When you boil it down, there are only two energy-related responses to Russia’s war on Ukraine. First, there’s a big push to find sources of crude oil, refined products, natural gas and NGLs to replace Russian supplies as quickly as possible. Second, governments on both sides of the Atlantic are scrambling to reaffirm and even expand commitments to lower-carbon energy sources to delink from Russian hydrocarbons as well as meet energy transition goals. Both raise the same question: How fast can the world bring online any new sources of energy on the scale needed? Policymakers would like to believe the answer can be found through the stroke of a legislative pen invoking aspirational language. No one doubts the power of that pen to create incentives or impediments. But the answer to that question is dictated by the realities of the physical world. In today’s RBN blog, we discuss the options for accelerating the availability of the minerals, metals and other materials needed to build the required machinery for the energy transition.

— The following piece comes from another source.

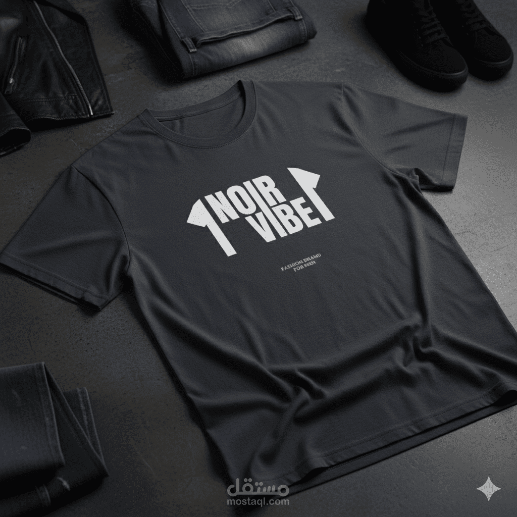 تصميم شعار بسيط وعصري لبراند أزياء رجالي باسم NOIR VIBE، يعتمد على أسلوب Minimal مع تركيز على الوضوح وقوة الاسم.

As we said in Part 1, all the favored energy-transition technologies — solar, wind and batteries — require a lot more stuff to be mined, refined, fabricated and constructed to replace the same amount of energy provided by the hydrocarbon-based energy infrastructures that power the world today. In many cases, we’re talking about an unprecedented 3x to 70x increase over today’s use of not only a wide array of metals such as copper, nickel, aluminum, lithium and neodymium, but also a 10x jump in the use of basic materials such as steel, glass and concrete.
In Part 2, we looked at how the unprecedented rise in demand for key metals and minerals is inflating input prices and reversing the decade-long trend of falling costs for wind turbines, solar modules, and batteries. Mineral inflation also collaterally impacts the costs for everything else made from those same elements. How high and for how long prices go up will depend largely on whether transition policies continue to create ever-rising mineral demands because, as we explored in Part 3, the world’s miners and mineral refiners do not have sufficient capacity in place or planned, either for basic metals like copper and nickel or for more exotic elements such as lithium, cobalt and rare earths. Furthermore, the suite of energy transition minerals comes from a far smaller number of nations than now supply world oil markets, and many major producers are in places either unstable or unfriendly to the U.S. [In fact, just a few days ago the International Energy Agency (IEA) released a report acknowledging the risk posed by China’s dominance in solar supply chains.]